The second sampling strategy is based on the inconsistency of node attributes. The difference with the first sampling strategy is that the first focuses on the characteristics of edges, in short, on whether or not they are connected as a basis for sampling positive and negative samples in two graphs. The second sampling strategy focuses on node characteristics, sampling different types of nodes on the two graphs as positive and negative sample pairs when they are already connected. Specifically, we randomly sample a node \(v_{i}^{\prime} \in G_{1}\), by finding the neighboring nodes of the \(v_{i}^{\prime}\) node combined with \({\text{M}}^{\prime} \) in \(G_{2}\), in which a node with the same node type is randomly selected to form a positive sample pair. When learning the graph structure, we mentioned that our graph structure divides the nodes into actuator and monitor types, and we can denote the set composed of the two types of sensor nodes, respectively, as \({\mathcal{A}} = \left\{ {v_{i}^{\prime } |type\left( {v_{i}^{\prime } } \right) = actuator} \right\}, {\mathcal{B}} = \left\{ {v_{i}^{\prime } |type\left( {v_{i}^{\prime } } \right) = monitor} \right\}\).
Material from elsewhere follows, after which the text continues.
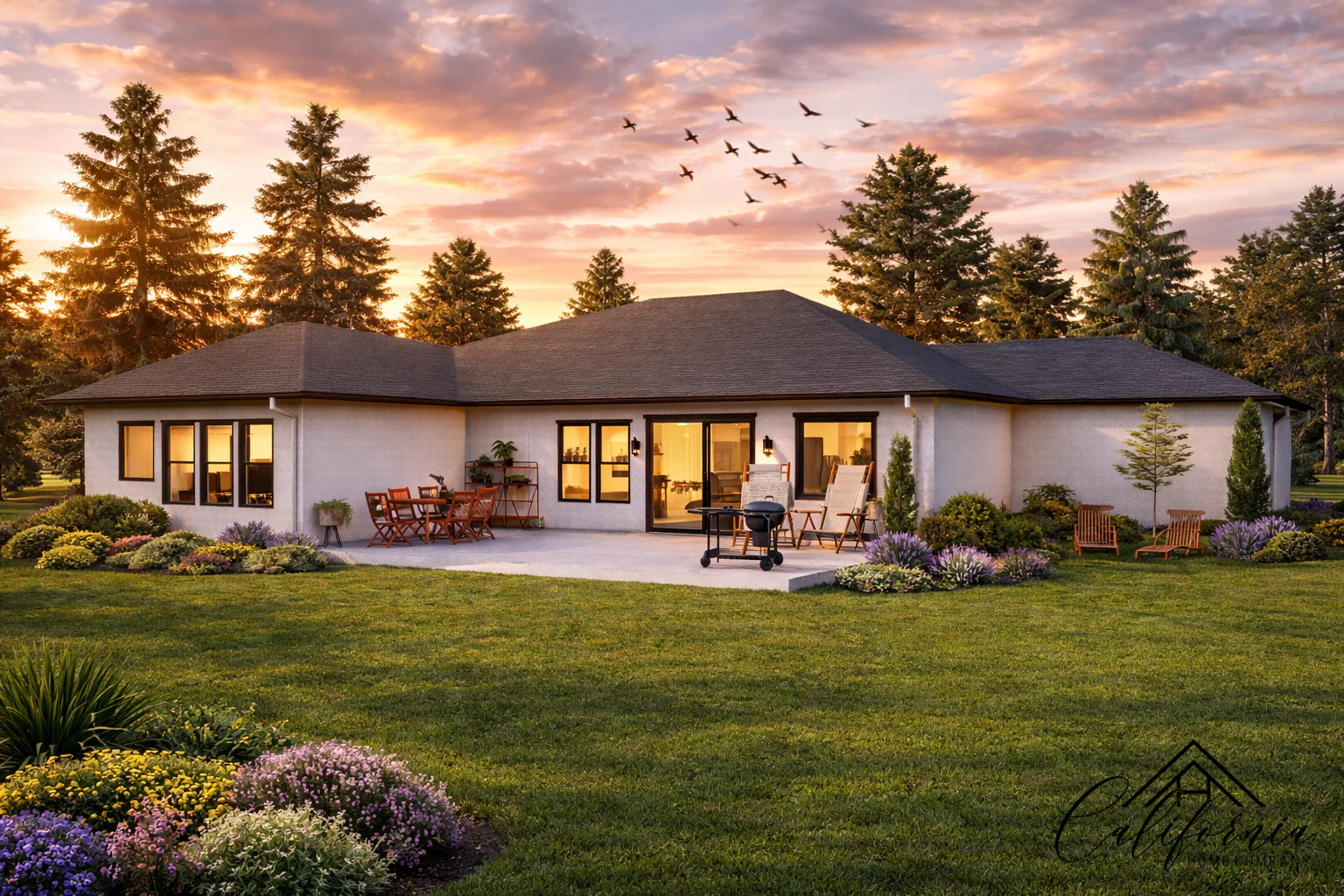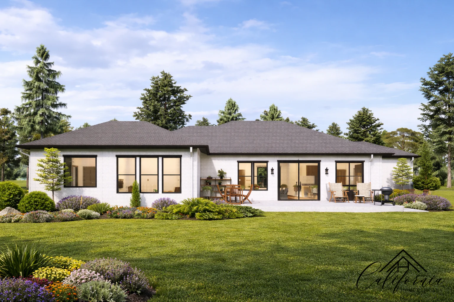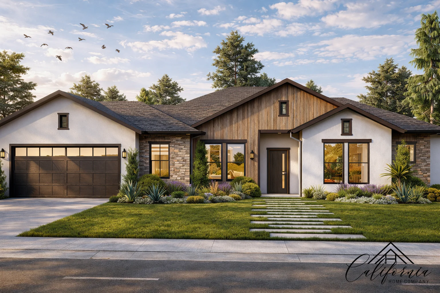 Beautiful and thoughtfully crafted, this 4-bedroom, 3-bathroom residence is nestled in a peaceful, green enclave—offering a quiet retreat without sacrificing modern comforts. With a spacious living area of 2,788 sq ft on a generous 42,974 sq ft lot, and a 2-car garage, the home effortlessly combines function, elegance, and nature. Designed with both style and safety in mind, the home features exterior walls made of fire-resistant materials, ember-protected vents, and tempered-glass windows—meeting the highest standards for durability and protection. The soft, earthy textures of the facade, paired with clean architectural lines and dark-framed windows, create a timeless, elevated look. Inside, expansive windows and an open floor plan flood the interiors with natural light, bringing the surrounding landscape indoors. Whether gathering with family or enjoying a quiet moment, every space feels warm, balanced, and connected to nature. This is a home built for lasting comfort—where refined design meets peace of mind.

A positive sample pair can be expressed as \(P_{i}^{\prime} = (v_{i}^{\prime} , v_{j}^{\prime}\)), \(v_{i}^{\prime} \in G_{1} , v_{j}^{\prime} \in {\text{M}}^{\prime} ,{\text{ ty}}pe\left( {v_{i}^{\prime} } \right) = type\left( {v_{j}^{\prime} } \right)\), and a negative sample pair as \(P_{i}^{\prime} = (v_{i}^{\prime} , v_{j}^{\prime}\)), \(v_{i}^{\prime} \in G_{1} ,v_{j}^{\prime} \in {\text{M}}^{\prime} ,{\text{ ty}}pe\left( {v_{i}^{\prime} } \right) \ne type\left( {v_{j}^{\prime} } \right)\). Then, we perform sum-pooling on the sample pairs to obtain \(P_{i}^{\prime} ,N_{i}^{\prime} \in R^{{d_{1} }}\). We repeat sampling \(k_{1}\) times, obtain the respective sets of positive and negative sample pairs \(P^{\prime} = \left\{ {P_{1}^{\prime} ,..,P_{{k_{1} }}^{\prime} } \right\},P^{\prime} \in {\mathbb{R}}^{{k_{1} \times d_{1} }}\), \(N^{\prime} = \left\{ {N_{1}^{\prime} ,..,N_{{k_{1} }}^{\prime} } \right\}, N^{\prime} \in {\mathbb{R}}^{{k_{1} \times d_{1} }}\), and obtain the objective function

$$ \zeta_{2} = - \log \mathop \sum \limits_{i = 0}^{{k_{1} }} \mathop \sum \limits_{j = 0}^{{\theta k_{1} }} \frac{{\exp \left( {P_{i}^{\prime} (P_{j}^{\prime} )^{T} } \right)}}{{\exp \left( {N_{i}^{\prime} (N_{j}^{\prime} )^{T} /\tau } \right)}}. $$
(14)

In this way, we obtain the spatial-dependency modeling objective function

$$ \zeta_{{{\text{spatio}}}} = { }\zeta_{1} + \zeta_{2} , $$
(15)

which introduces a constraint on our temporal prediction task, thereby yielding the comprehensive objective function for our model

$$ {\mathcal{L}} = \zeta_{{{\text{MSE}}}} + \zeta_{{{\text{spatio}}}} . $$
(16)

Anomaly detection

Having integrated spatio constraints into our prediction framework for sensor behavior, we compute an anomaly score to provide an explanation for anomalous behavior [15]. We calculate the discrepancy between the predicted and observed values of a sensor \(i\) at each time stamp \(t\) within the test set

$${E}_{t,i}=\left|{Y}_{t,i}-{S}_{t,i}\right|, t\in {T}_{{\text{test}}},i\in \left\{1,...,d\right\},$$
(17)

where \({T}_{{\text{test}}}\) denotes all the time stamps in the test set, \({Y}_{t,i}\in {Y}_{t}\). Considering the varying sensitivities among the sensors, we apply robust normalization to the calculated deviations

$${\psi }_{t,i}= \frac{{E}_{t,i}-{\mu }_{i}}{{\sigma }_{i}},$$
(18)

where \({\mu }_{i}\) and \({\sigma }_{i}\) are the median and inter-quartile range, respectively. Subsequently, we employ the maximum function to aggregate the anomaly scores of all sensors at time \(t\), yielding the time stamp anomaly score \({\psi }_{t,i}.\) If this surpasses the predefined threshold, we classify it as an anomaly occurring at that time. The way the thresholds are chosen can be optimized differently depending on the direction and distance [40], but to ensure fairness with baseline experiments, we use the maximum value of the system anomaly score at all moments in the validation set as the threshold [15, 18]. It is important to note that our training and validation sets solely consist of normal sample data, and only the test set contains abnormal samples. This is an important condition for us to use unsupervised training and to set thresholds.

Experiment

We performed experiments and conducted quantitative and qualitative analyses to compare our method with baseline approaches.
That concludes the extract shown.